By making extensive gains in a set of local elections held in England on Thursday, Nigel Farage, one of Britain’s best-known supporters of President Donald Trump and the leader of the anti-immigration Reform UK party, consolidated his reputation as the country’s foremost political disrupter.


But he may have done something bigger still: blown a hole in the country’s two-party political system.


For nearly all of the past century, power in Britain has alternated between the governing Labour Party, now led by Prime Minister Keir Starmer, and the opposition Conservatives, who last year selected a new leader, Kemi Badenoch.


Yet with surging support for Reform and gains for other small parties, that duopoly has rarely looked more shaky.


“The two main parties have been served notice of a potential eviction from their 100-year tenures of Downing Street,” said Robert Ford, a professor of political science at the University of Manchester.


Still reeling after being ejected from power last year, the Conservatives suffered another disastrous set of results. With the economy flatlining, Labour was punished by voters angry with government spending curbs and higher taxes introduced since it came to power.


The electorate rejected both main parties, Ford said, adding that, were a result like this to occur in a general election, “the Conservative Party would cease to exist as a meaningful force in Parliament.”


Claire Ainsley, a former policy director for Starmer, said the results also reflected longer-term trends, including a breakdown of traditional class loyalties among voters, the increasing pull of nationalist politics, and growing support for the centrist Liberal Democrats, the Greens, and independent candidates.
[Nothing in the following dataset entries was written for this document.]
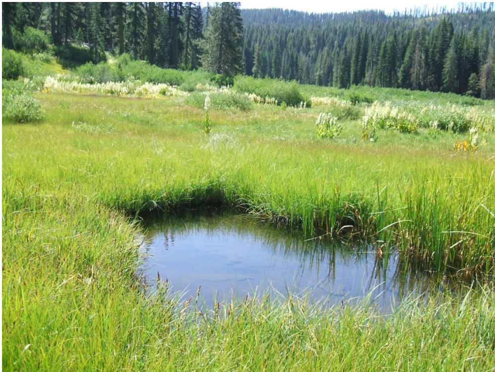
Figure 3. A clean, reliable source of water, like this high-elevation meadow with open water, is essential to pollinators. Running water and ponds provide resources for drinking. Water sources that are shallow or have sloping sides allow for easier approach without drowning.

Site-specific prescriptions are discussed in subsequent sections and should be developed after documentation of environmental effects.
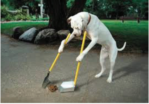
Continued on page 4

One more reminder – October is the beginning of "Deer Rutting Season" – PLEASE SLOW DOWN AND BE ALERT!
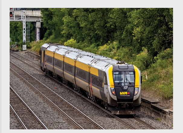
Unifor urges CN to prioritize effective rail management and collaborate with
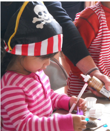
One of last year's little "buccaneers" being creative at the Harbor's Pirate Days.

WORKERS ON SATURDAY OR SUNDAY: If you can spend some time either of these days working with kids who love to do art, please email kitty@buenaventuragallery.org .
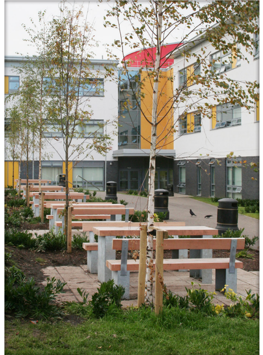
LPT102/C/DF/GL AND LST101/C/DF/GL
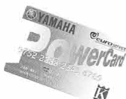
Our unique PowerCard with Euroservice

Yamaha Centres located in places that will not upset the established dealer network but rather serve to supplement it. These Yamaha Centres handle all Yamaha motor products exclusively as well as our boats. These Centres not only create good publicity for the brand but also offer a comprehensive answer to the increasing demands from our customers. Important ingredients include sample accessories, service and help with purchase financing.
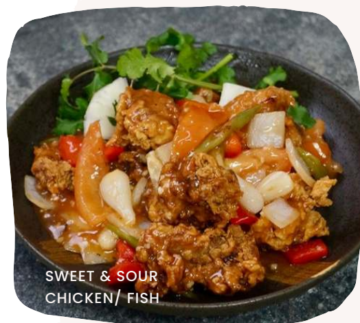
SWEET & SOUR CHICKEN/ FISH
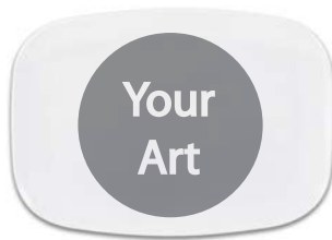
$18 D2500 Melamine Platter 10" x 13.75"
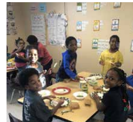
Gingerbread house fun in Ms. Eucker's room! Yum!

Check out some photos from classroom celebrations on the last day before break!
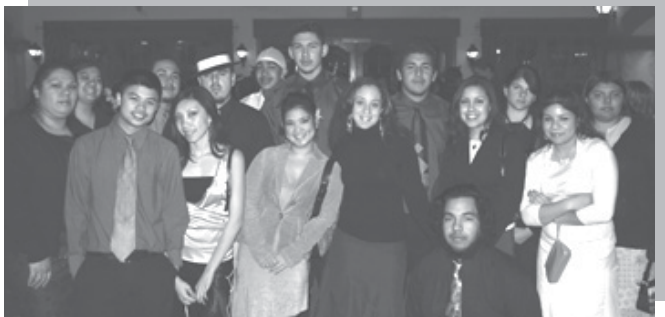
The first annual Southern California College Tour for Silver Creek's Academy took place in spring of 2005. The students are dressed up for a formal dinner at Black Angus after touring USC last year.

What's most amazing about this event is that for most students it's the first time they've traveled out of their home area. A lot of students don't get a chance to visit any colleges even close to home, so the trip really has the potential to open their eyes to the different options they may not realize they have. Overfelt's Academy has been going on the Southern California College Tour every year for the past fourteen years, and the Silver Creek Academy is looking forward to taking students on the tour for just as long!
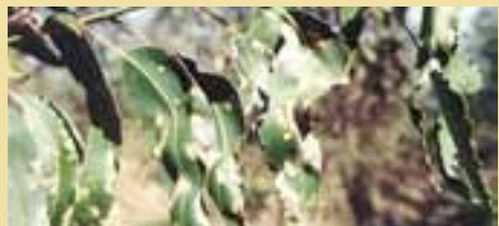
Crinkle leaf disease (CP)
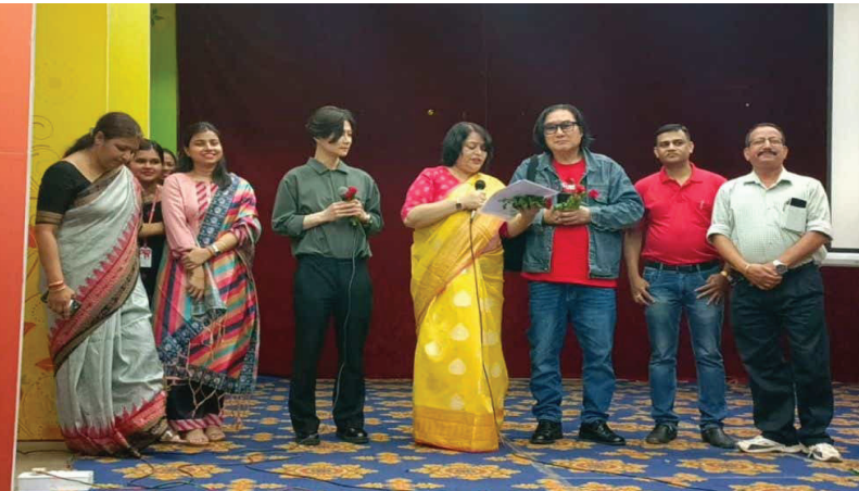
A seminar and screen-Rama Devi Women's Uni- g on contemporary versity in Bhubaneswar. Korean cinema was The event was hosted by held on May 13, 2023 at the university's Depart-
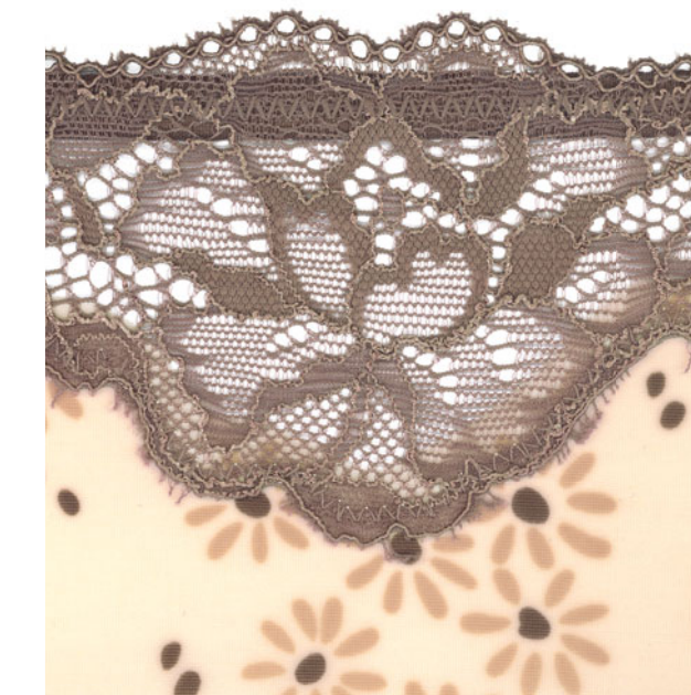
(1)(2) Nude Floral Print On Paper Touch Microfibre With Lace : 77% Polyamide 23% Elastane
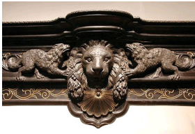
Detail of a Belgium Black marble fireplace from the 19th century. Exceptional craftsmanship in the sculpting work of the lion head and the fox cubs that emerge

In the 19th century , these fine and deep black marbles, were used in the production of fireplaces and clocks. In this category, the Mazy Black and Dinant Black marbles were most commonly used. Unfortunately it is very difficult, without the help of a scientific analysis, to know from which quarries this marbles comes. Generally, the Dinant Black used for the production of clocks or manufacture of fine sculptures. Meanwhile, Mazy Black was used for fireplaces tiles, baseboards, shelves, vertical coverings, steps, fine sculptures and mantels .
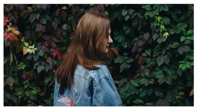
Figure 2 How Do Plant Stem Cells Help Hair Growth?<sup>1.7</sup> Plant stem cells possess similar genetic factors as human stem cells and can be used to influence the function of certain cells in our skin and hair follicles. Active plant stem cells work to increase the lifespan of hair follicles so that hair can remain in the anagen phase of the hair growth cycle for a longer period of time. Another hair-growth benefit of Asparagus Stem Cells is their ability to block the most common hair-killing hormone, DHT. High levels of DHT, as well as sensitivity to the hormone, are known for causing most male-pattern baldness and even female alopecia. Asparagus Stem Cells can aid the receptors in the skin to block the intrusion of DHT, and therefore minimizing the hair loss
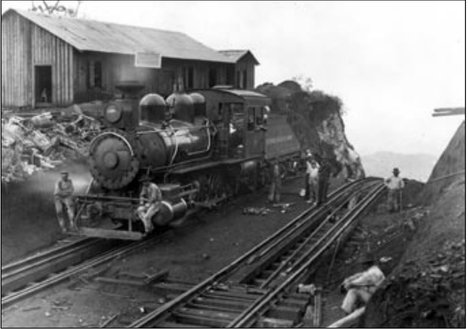
Railroad workers pose with No. 55, a Baldwin 0-6-0, at the summit of the incline at Woodfred. Dropping 1,500 vertical feet on the incline, the ore cars were controlled by a barney car that was attached to a steel cable. The descent took 12 minutes.
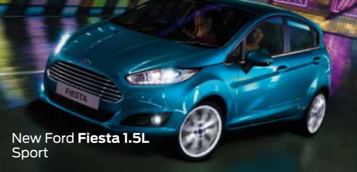
New Ford Fiesta 1.5L Sport

Do you love great style and design? Then you'll love the new Ford FIESTA . Hip and fashionable colours show off its eye-catching new design to perfection. Inside, the design is refined yet very cool, with stylish detailing and smart technology.
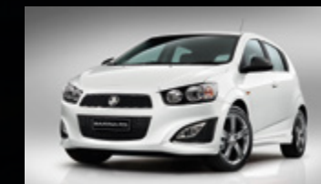
SNOWFLAKE WHITE PEARL*
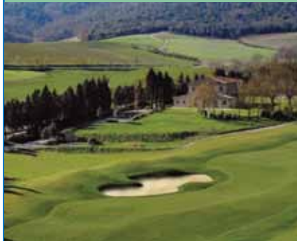
Drago Golf Club

Depart your home city on September 8 for an overnight flight to Florence, Italy. Upon arrival, you'll be greeted at the airport and transported to The Grand Hotel Continental, located in the heart of Siena, in what was once a private 17 th century palazzo.
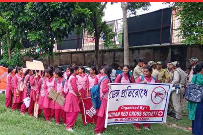
IRCS Malda District Branch, West Bengal participated in Dengue awareness rally organized by district administration.
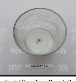
End of Burn Top - Sample 2
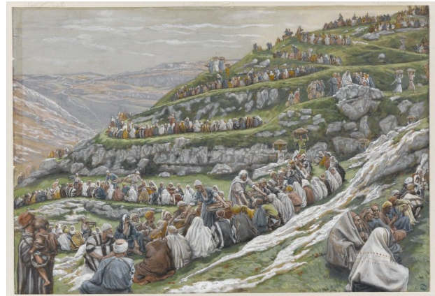
"The Miracle of the Loaves and Fishes" by James Tissot

watered garden, and like a spring of water, whose waters fail not. (Isaiah 58:11) He that believeth on me, as the scripture hath said, out of his belly (heart, innermost being) shall flow rivers of living water. (John 7:38) I might add a little comment here: For years I understood this only from the standpoint that as long as we believed according to the Bible (we were scripturally correct in our doctrine) we would be a blessing to others. But it has opened up to have a richer meaning, for now it seems that it means more in this sense that the Scripture has said that when we believe on Him, out of our heart will flow the blessing of life to others. The first understanding is certainly necessary and correct, but to me the further revelation opened up to me more joy in my heart and soul at the understanding that we are more like a conduit pipe than a reservoir within ourselves, which is what Isaiah wrote when he described the life concerning how blessing received causes us to be a blessing to others.
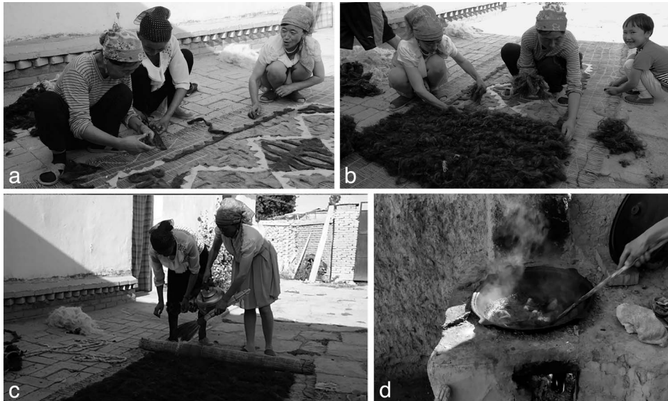
Figure 5. (clockwise from top left) a) arranging the colored patterns; b) overlaying with brown fleece as the base layer; c) sprinkling the wool with hot water; d) dyeing felt in boiling water.

between two practitioners (Figure 4b). This loosens the fibers from the staples, sheds trapped dirt particles, and filters out the matted wool, leaving the finer and longer fibers for felting (Laufer 1930:13). After 20 to 30 minutes of beating, the fleece is laid in thin overlapping patches on a handmade reed mat (Figure 5b).
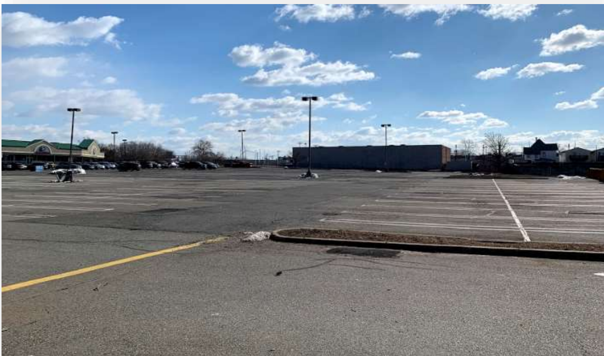
Figure 4 – view of vacant and severely underutilized former A&P parking lot (3/3/19)
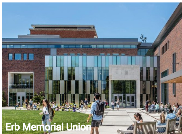
Erb Memorial Union
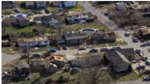
Deadly storm in southern Illinois
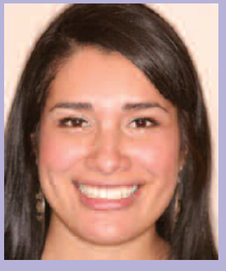
After Cosmetic Dentistry
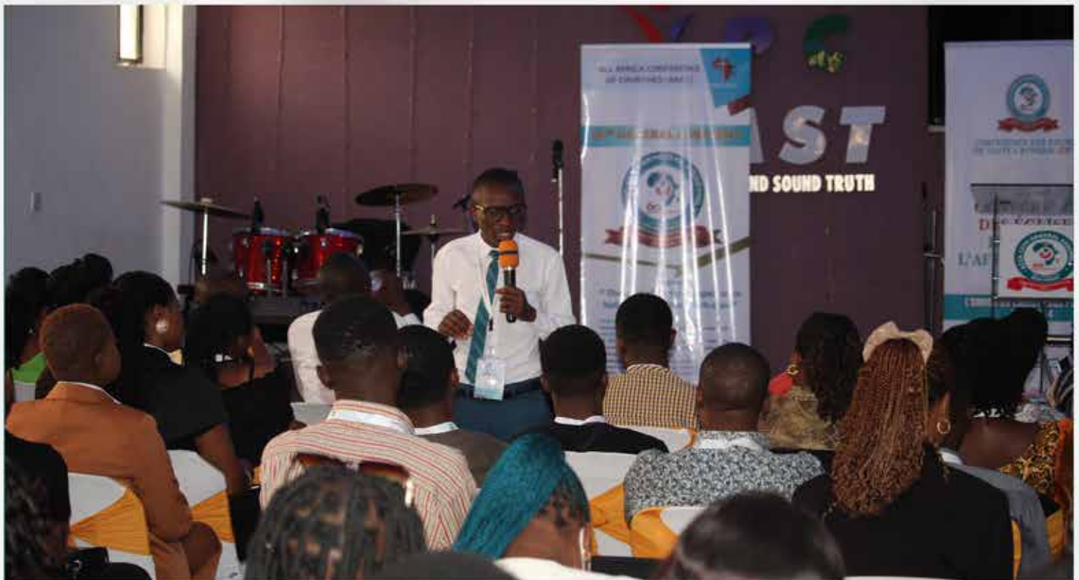
AACC Executive Secretary, Youth facilitating the conversation

Brian spent time challenging the participants to transform cultural and religious values, practices, and norms that increase the abuse of Sexual and Reproductive Human rights, and all those that limit the sexual and reproductive health of young people in Africa.
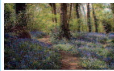
The town of Ogunquit acquired 1.5 acres of forest and wetland property abutting the Josias River. This piece of land has been developed into the Josias River Public Park.

While this was going on, the conservation commission located three large contiguous tracts, totaling about 100 acres, about 1.5 miles from downtown Ogunquit. Private parties own two and the other is town land. The private land owners have committed to the conservation commission to place conservation easements on the parcels.
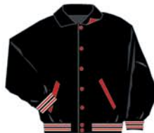
JW225W18 #06 Black body #20 Scarlet collar/Pkt Trim Blk/Wht/Red-B Red snaps
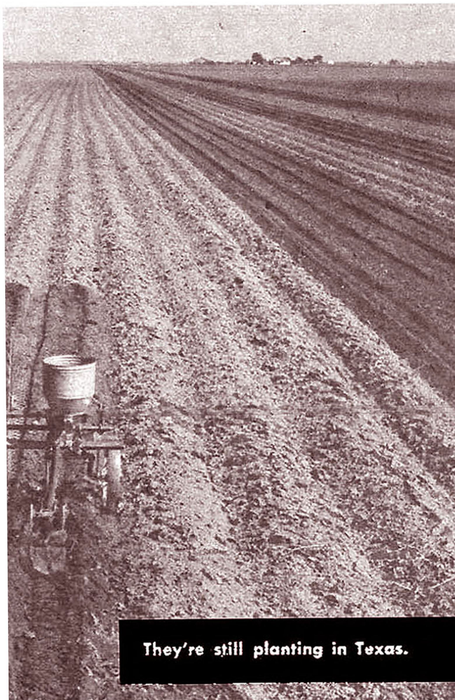
They're still planting in Texas.

“We have been seeing the fragmentation of society and that has flowed through to our politics,” said Ainsley, who now works in Britain for the Progressive Policy Institute, a Washington-based research institute. “There is multiparty voting now.”


The upshot is that both main parties are struggling as they find themselves competing not just with each other, but also with opponents to their political left and right.


That mood of public disenchantment gave an opening to smaller parties, including the Liberal Democrats, who won 163 council seats, and the Greens, who gained 44. But the biggest beneficiary was Reform, whose supporters have been energized by Farage’s vigorous campaigning.


In an interview at a Reform UK rally in March, John McDermottroe, a party supporter, said many people in his region of Stockton-on-Tees, in northeastern England, felt that the Labour Party had “grown away from working people.”


As for Farage, “he is very charismatic, he communicates with people from every sector of life, he tells it as it is,” McDermottroe said.


The fragmentation Farage has unleashed on British politics was felt even in races Reform lost, including the mayoralty of a region known as the West of England.


Helen Godwin of Labour won that with just one-quarter of the vote, putting her only slightly ahead of Reform UK, while even the fifth-placed party won 14% of the vote.


Fewer than one-third of eligible voters cast a ballot, the kind of low turnout that is common in local elections. But that meant Godwin was elected by just 7.5% of eligible voters, Gavin Barwell, a former chief of staff in Downing Street and member of the opposition Conservative Party, noted on social media, adding that there was a “collapse” of the two-party political system.


That may yet prove an exaggeration.


Because of a reorganization, the number of seats contested in Thursday’s local elections was the smallest since 1975, and voter turnout is always low in such races.


Britain’s next general election — when that proposition will be tested properly — does not have to be held until 2029, and previous challenges to two-party dominance have faded.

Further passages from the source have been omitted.